The United States and Europe experienced the fastest growth among major EV markets, reaching more than 40% year-on-year, closely followed by China at about 35%. Nevertheless, the United States remains the smallest market of the three, with around 100 GWh in 2023, compared to 185 GWh in Europe and 415 GWh in China. In the rest of the world, battery demand growth jumped to more than 70% in 2023 compared to 2022, as a result of increasing EV sales.
In China, PHEVs accounted for about one-third of total electric car sales in 2023 and 18% of battery demand, up from one-quarter of total sales in 2022 and 17% of sales in 2021. PHEV batteries are smaller than those used in BEVs, thereby contributing less to increasing battery demand. In recent years, Chinese carmakers have also been marketing more extended-range EVs (EREVs), which use an electric motor as their unique powertrain but have a combustion engine that can be used to recharge the battery when needed. EREVs typically have a battery size about twice that of a PHEV, enabling a real-world electric range of around 150 km compared to 65 km for traditional PHEVs. With an ICE on board, EREVs can reach ranges of around 1 000 km when needed. In 2023, EREVs accounted for 25% of PHEV sales in China, up from about 15% in 2021-2022. Negligible EREV sales are recorded in other regions.

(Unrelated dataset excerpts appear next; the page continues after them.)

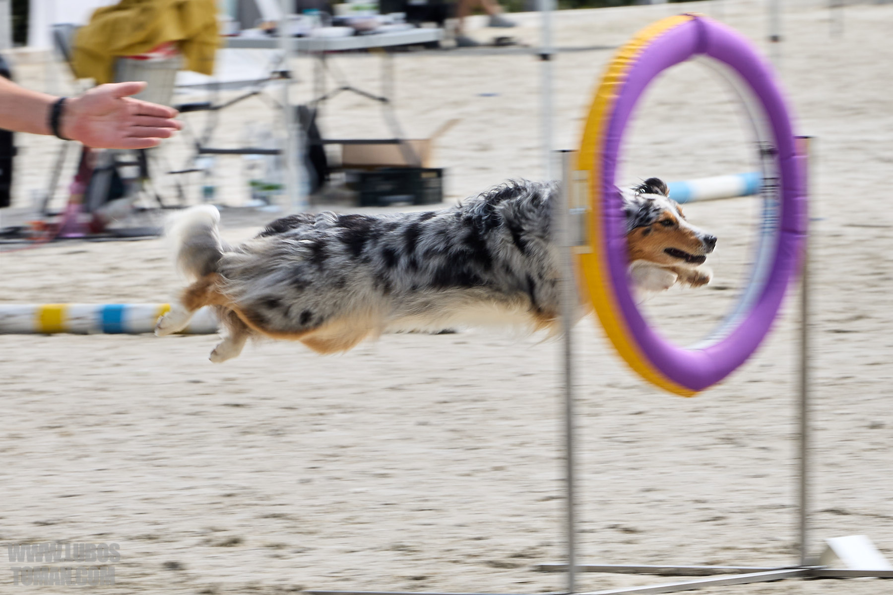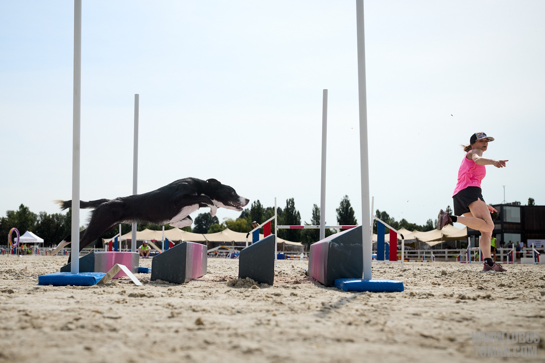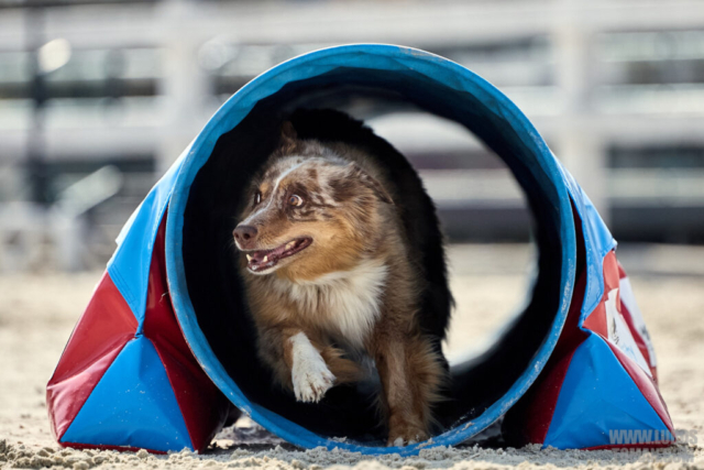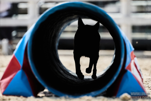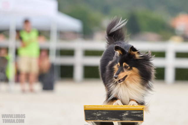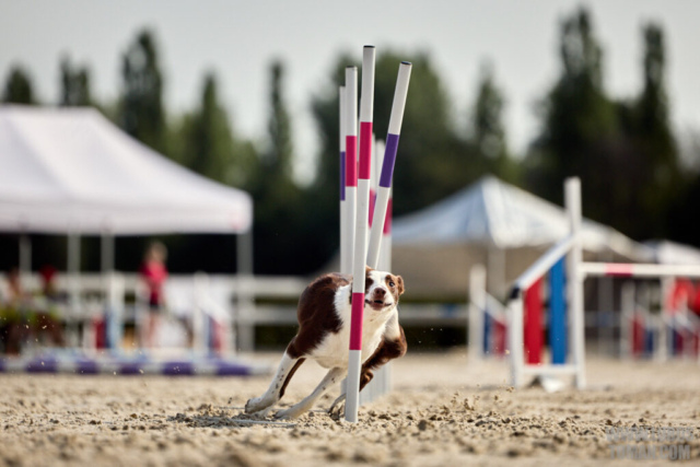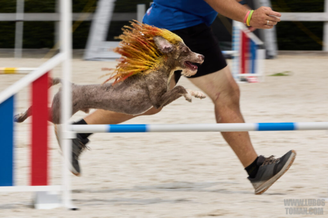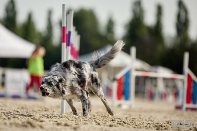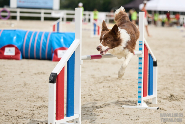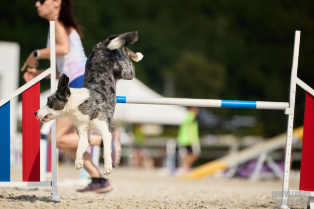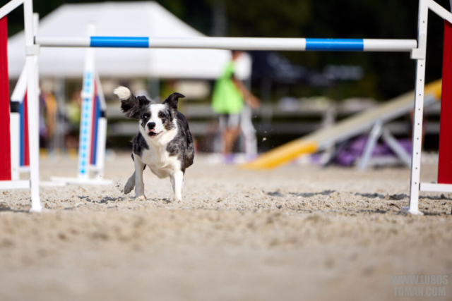 Mezinárodní závod v agility. Psí sport ve kterém psovod navádí psa, který překonává překážkovou trať.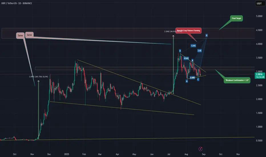 XRP is forming a Bearish Crab harmonic pattern, with price currently consolidating inside a triangle structure. A breakout above the $3.0 level would confirm the move toward the completion of point D.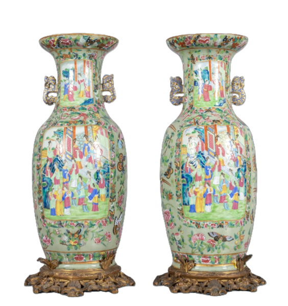 Coppia di vasi in porcellana decorata in policromia con basi in bronzo dorato, Cina secolo XIX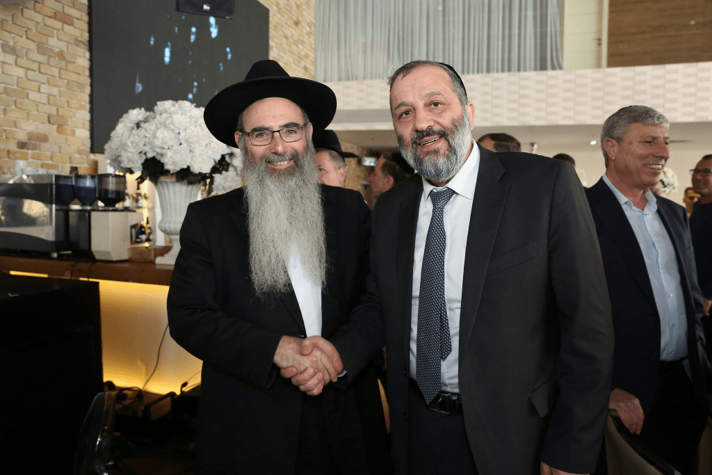 Rabbi Chaim Shlomo Diskin (L) meets with Aryeh Deri during his visit in Kiryat Ata on February 7, 2017 (Yaacov Cohen/Flash90)

Electric vehicle battery demand by region, 2016-2023
OpenMore batteries means extracting and refining greater quantities of critical raw materials, particularly lithium, cobalt and nickel
Rising EV battery demand is the greatest contributor to increasing demand for critical metals like lithium. Battery demand for lithium stood at around 140 kt in 2023, 85% of total lithium demand and up more than 30% compared to 2022; for cobalt, demand for batteries was up 15% at 150 kt, 70% of the total. To a lesser extent, battery demand growth contributes to increasing total demand for nickel, accounting for over 10% of total nickel demand. Battery demand for nickel stood at almost 370 kt in 2023, up nearly 30% compared to 2022.

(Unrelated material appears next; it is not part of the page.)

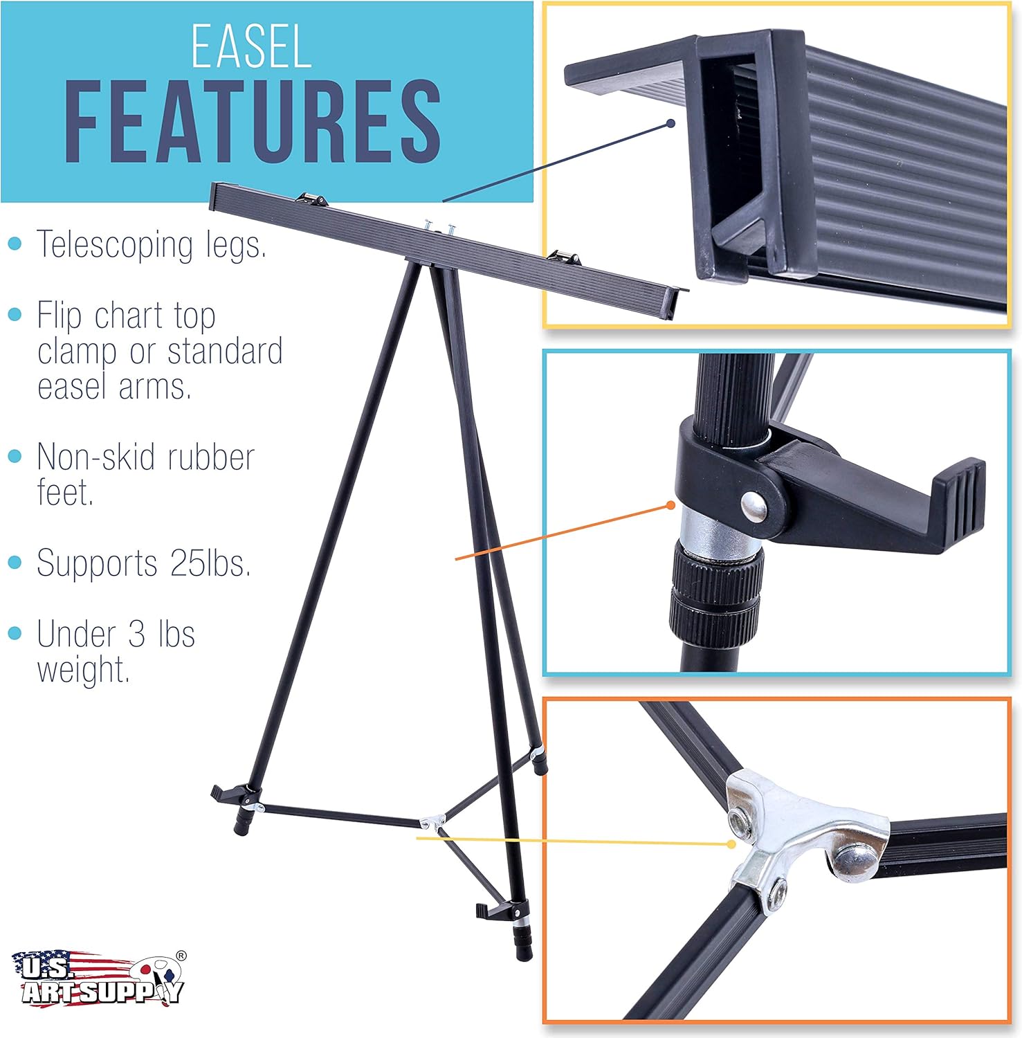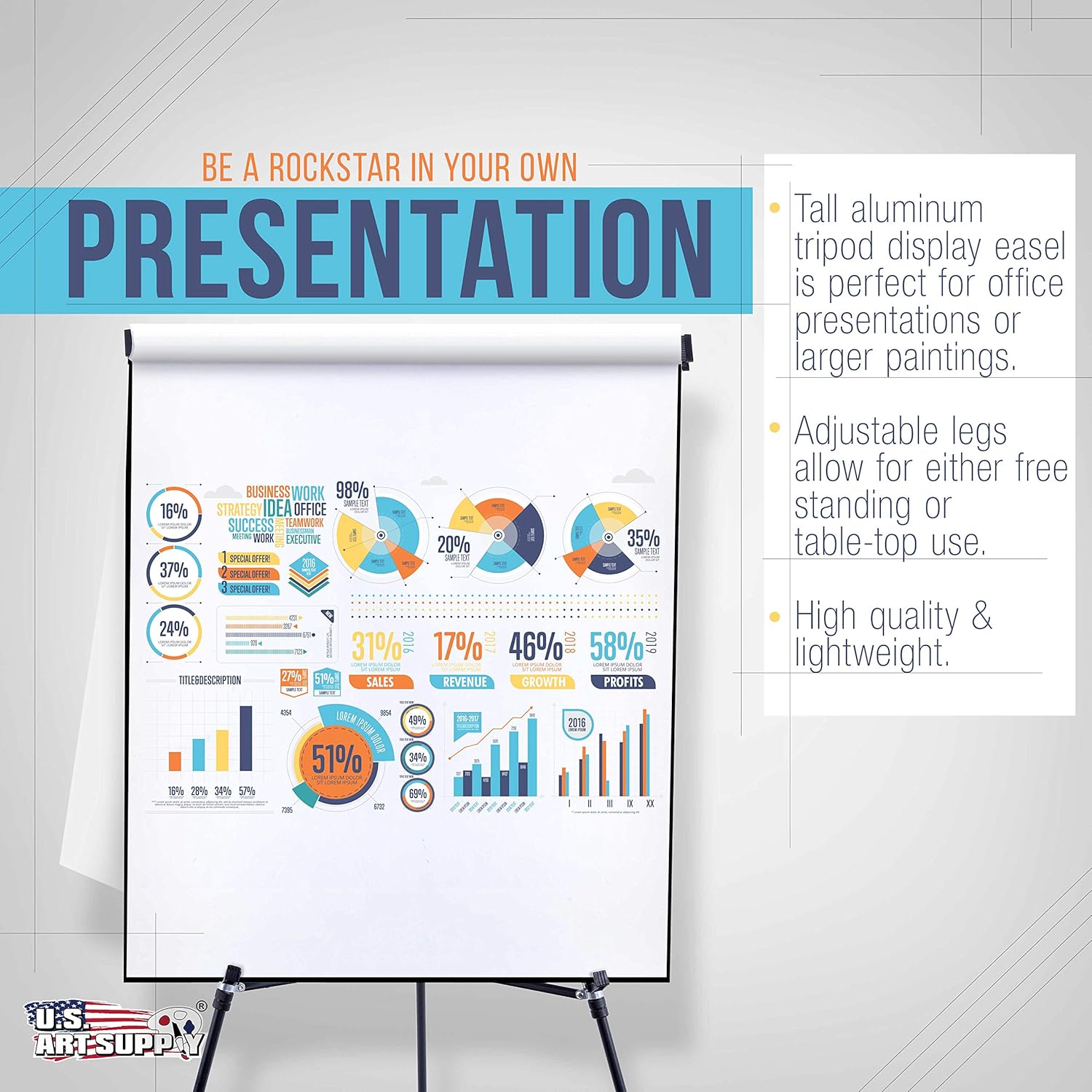 U.S. Art Supply 66" High Boardroom Black Aluminum Flip Chart Easel & Presentation Stand - Adjustable Floor/Tabletop, Portable Tripod, Holds 25 lbs., for Chart Paper, Poster Boards, & Pads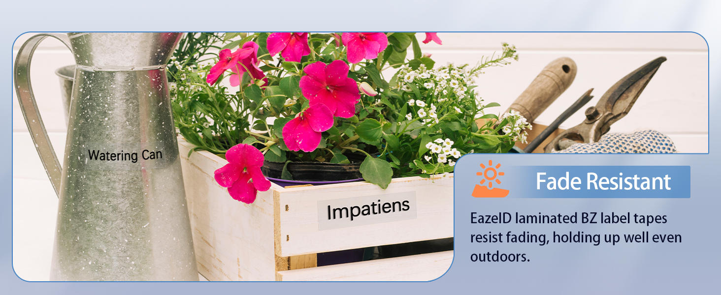 - Wide application: EazeID compatible Brother Ptouch 1 inch 24mm TZe label tape is a good addition for business, home, office, retail shop, garden and warehouse, etc. TZe-151 label tape is suitable for labeling kitchen, shelving, cabinets, files, folders, accessories. Great for creating name badges, luggage and outdoor plant signage labels and more

High levels of investment in mining and refining in the past 5 years have ensured that global supply can comfortably meet demand today, not only for EVs but also in historical markets including portable electronics, ceramics, metals and alloys. In 2023, the supply of cobalt and nickel exceeded demand by 6.5% and 8%, and supply of lithium by over 10%, thereby bringing down critical mineral prices and battery costs. While low critical mineral prices help bring battery costs down, they also imply lower cash flows and narrower margins for mining companies. Compared to just a few years earlier, overcapacity means that many companies are now struggling to stay afloat (see later section on trends in the EV industry). Mining and refining will need to continue growing quickly to meet future demand, to avoid supply chain bottlenecks and make supply chains more resilient to potential disruptions. Doing so will also require striking a balance between remaining profitable while competing on prices. Innovative technologies such as sodium-ion batteries can potentially mitigate demand for critical minerals, together with the rise of mature battery chemistries requiring lower amounts of critical metals, such as lithium iron phosphate (LFP).

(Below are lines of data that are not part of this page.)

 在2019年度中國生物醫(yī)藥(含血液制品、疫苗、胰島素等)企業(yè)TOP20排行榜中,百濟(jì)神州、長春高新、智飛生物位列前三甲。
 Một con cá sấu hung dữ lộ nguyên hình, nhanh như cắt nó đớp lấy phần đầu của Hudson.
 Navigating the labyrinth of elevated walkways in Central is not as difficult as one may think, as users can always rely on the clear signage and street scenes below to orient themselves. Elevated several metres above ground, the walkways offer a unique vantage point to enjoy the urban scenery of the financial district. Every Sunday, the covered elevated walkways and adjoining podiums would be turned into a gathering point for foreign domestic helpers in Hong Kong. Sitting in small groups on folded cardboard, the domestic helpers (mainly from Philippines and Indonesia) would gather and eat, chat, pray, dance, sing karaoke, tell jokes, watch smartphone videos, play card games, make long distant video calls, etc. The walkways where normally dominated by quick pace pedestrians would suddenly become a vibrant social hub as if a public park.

Battery production is located close to demand centres, with international partnerships playing an important role in global expansion
The majority of battery demand for EVs today can be met with domestic or regional production in China, Europe and the United States. However, the share of imports remains relatively large in Europe and the United States, meeting more than 20% and more than 30% of EV battery demand, respectively. China is the world’s largest EV battery exporter, with around 12% of its EV batteries being exported.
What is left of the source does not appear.